Budesonide enema is generally well tolerated: the most frequently experienced events (reported in ≤5% of patients) are gastrointestinal and include increased bowel frequency and colorectal bleeding. Haematuria, thromboembolism, acne and villous adenoma have been reported in 1 patient each. Laboratory abnormalities do not usually develop and no signs of significant adrenal suppression have been detected during treatment with budesonide enema.

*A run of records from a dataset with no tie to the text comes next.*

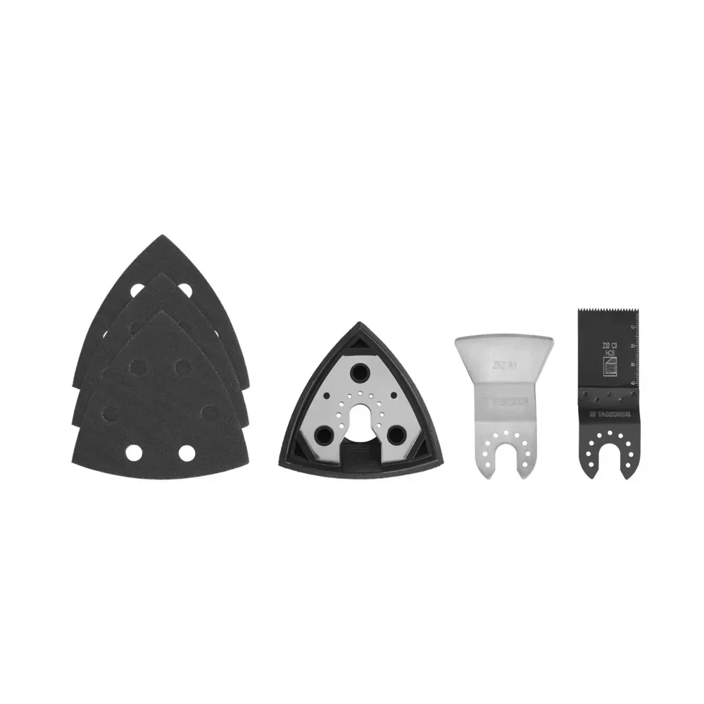 | - Mellékelt tartozékok | 1 merülő fűrészlap, 1 kaparólap, 1 delta csiszolólap, 3 csiszolólap fémhez (240-es szemcseméret) |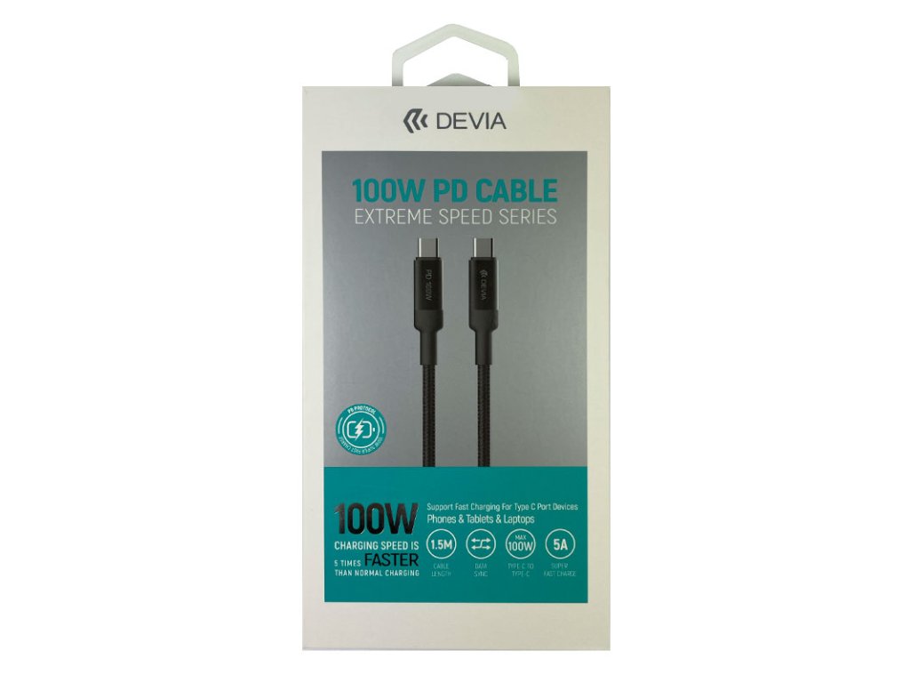 Devia kábel USB-C Extreme speed 100W PD Fast Cable 1.5m - Black 6938595354212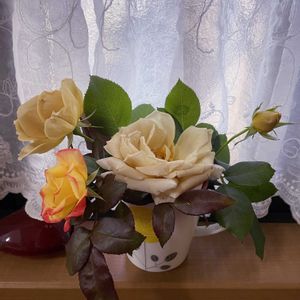 なかなか梅雨入りしませんが大雨や夏のような陽射し、蒸し暑さもあり二番花がほとんどきれいに咲いていません。 そんな中、わりと綺麗なハニーディジョンです🐝 3枚目は挿し木でいただいた1本枝のバラの苗から大きくしている過程。摘蕾でまだお花が見られておらずそろそろ、と思っていたのに蕾は丸かじりされてます🐛 虫たちがかなり活発なこの季節です🐛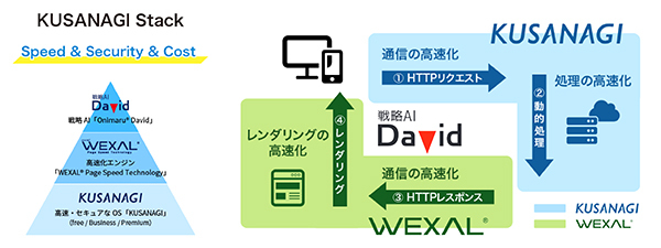 この3エディションのうち、最上位のPremium Editionは同社の高速化エンジン「WEXAL Page Speed Technology(WEXAL)」と戦略AI「Onimaru David(David)」をKUSANAGIとセットにしたソリューション「KUSANAGI Stack」として提供される。WEXALが担当するのは、HTTPサーバーから送られてくるソースコード(HTML/CSS/スクリプト)と画像を圧縮して、Webブラウザーでのレンダリング(表示)速度を高める役割。その圧縮とレンダリングをどのように行うかをリアルタイムで決めるのが、Davidの役割だ。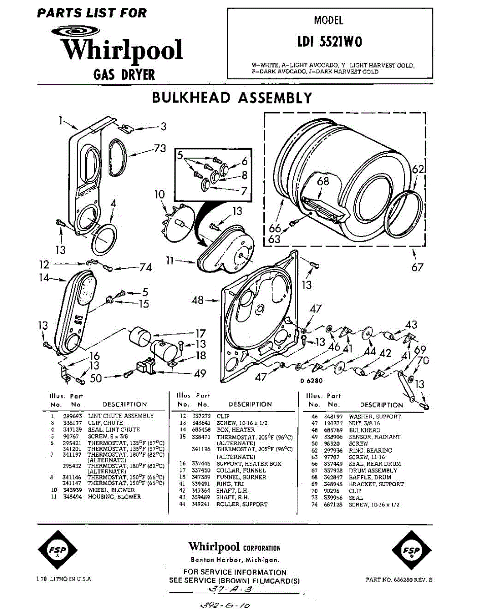 Parts for Whirlpool LDI5521W0: 01 - Bulkhead Parts
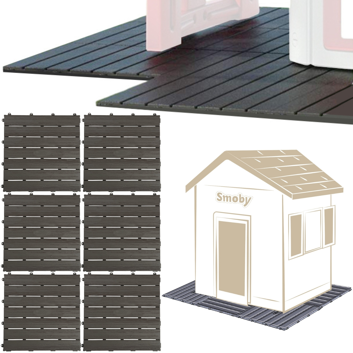 Płytki – panele podłogowe do domku ogrodowego od cenionego francuskiego producenta zabawek dla dzieci firmy Smoby. Panele podłogowe do domku ogrodowego. Panele zostały dostosowane do wszystkich domków. Zestaw składa się z 6 płytek o wymiarach: 45 x 45 cm.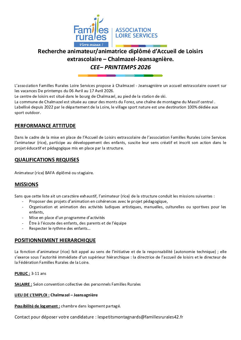 Centre de Loisirs : Offre d'emploi vacances d'avril
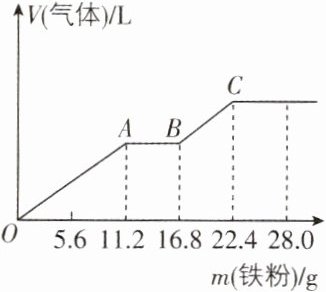 【解析】由分析可知,A正确;A点溶液中溶质为硫酸铁和硫酸,B错误;C点溶液中溶质为FeSO₄,此时消耗22.4g(即0.4mol)Fe,则n(FeSO₄)=n(Fe)=0.4mol,可知原混合酸中硫酸的物质的量为0.4mol,浓度为$\frac{0.4mol}{0.2L}$ = 2mol·L⁻¹,C正确;由A点消耗11.2g(即0.2mol)Fe可知,原混合酸中有0.2mol硝酸、0.4mol硫酸,NO₃⁻与SO₄²⁻的物质的量之比为1∶2,D错误。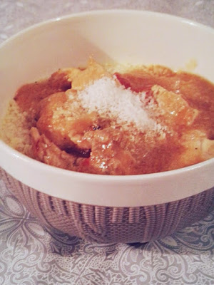 Uwielbiam wręcz połączenie kurczaka i kokosu. Najczęściej robię go w ten sposób, że do mięsa dodaję mleczko kokosowe, trochę przypraw i gotowe. Ekspresowo i smacznie. Teraz zrobiłam kurczaka podwójnie kokosowego, wykorzystałam bowiem śmietankę kokosową, oraz wiórki kokosowe. Do tego pomidory, czosnek, i papryka. Wyszło naprawdę pyszne danie, które do tego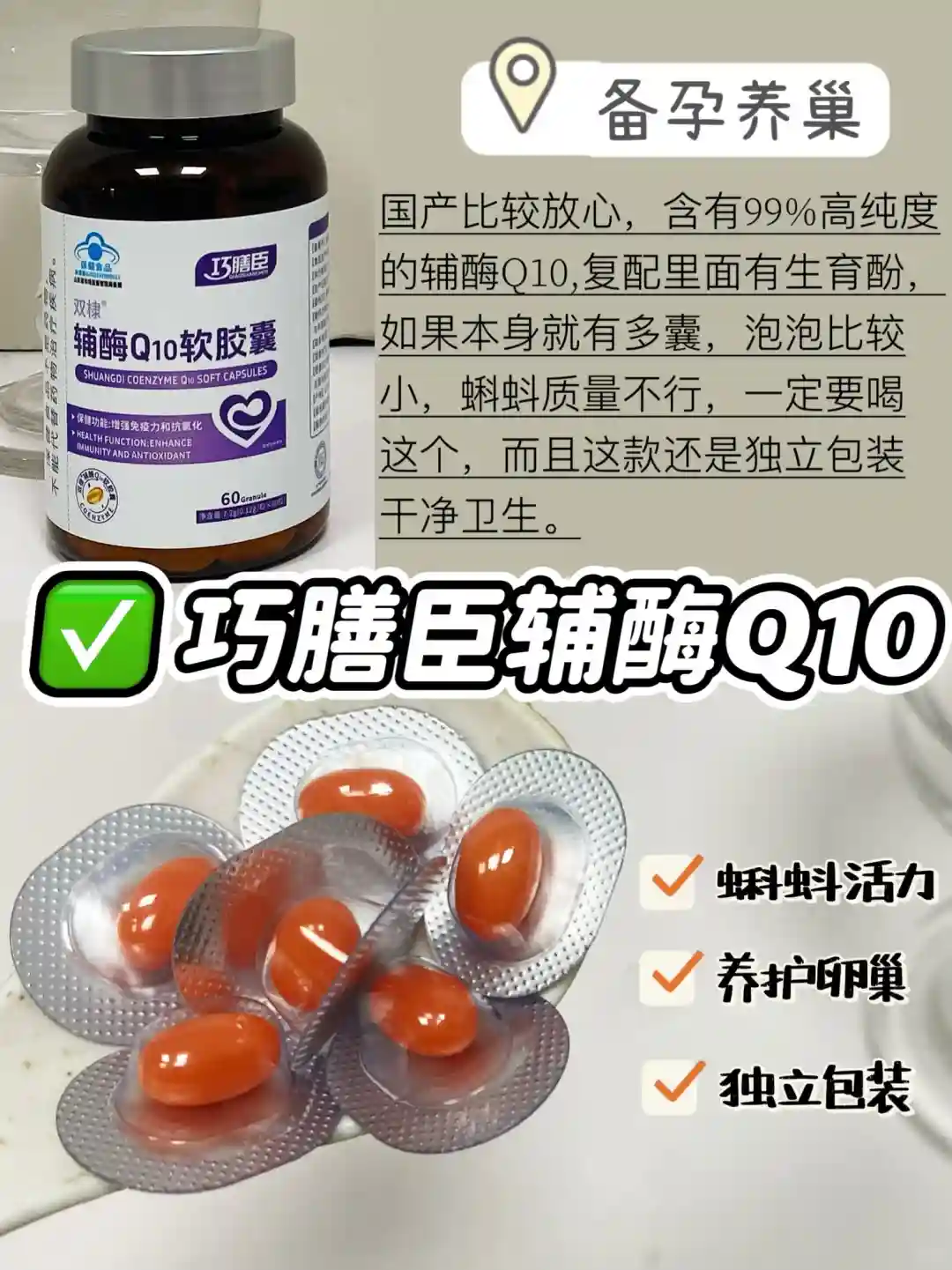 #女士备孕补剂 #内膜薄 #备孕攻略#生化#生化备孕 #卵子质量差 #养卵 #卵巢早衰 #生化妊娠 #备孕补剂 #大龄备孕 #高龄备孕#有效备孕#卵子质量差 #辅酶Q10的作用#夫妻备孕#久备不孕#内调#有效备孕#备孕攻略#巧膳臣#巧膳臣辅酶Q10

In a large trial (n = 258) comparing oral controlled ileal release budesonide 3, 9 or 15 mg/day and placebo, similar proportion of patients in the active treatment and placebo groups experienced an adverse event or discontinued treatment because of these events. 41% of adverse events were gastrointestinal in nature, with dyspepsia and nausea being most commonly reported. Glucocorticoid-associated effects developed in a similar proportion of patients in each group (15 to 38%), but cushingoid facial features were more common with budesonide (7%) than with placebo (2%). Glucocorticoid-associated adverse effects, particularly cushingoid facial features, appear to occur more commonly during prednisolone therapy than during treatment with oral budesonide. Oral budesonide therapy does not appear to affect liver function tests, or to produce haematological and biochemical abnormalities when compared with placebo. In general, 6 to 12 months’ maintenance therapy with oral budesonide was not associated with significant adverse events. However, longer term trials are necessary to fully define the tolerability profile of budesonide.
Dosage and Administration
Budesonide enema 2 mg/100ml should be inserted rectally once daily at bedtime for the treatment of acute distal ulcerative colitis or proctitis. In most studies treatment was continued for 4 weeks. Clinical studies indicate that oral budesonide should be administered at a daily dose of 9mg for about 8 weeks for the treatment of active Crohn’s disease of the ileum, ileocaecal region and/or ascending colon.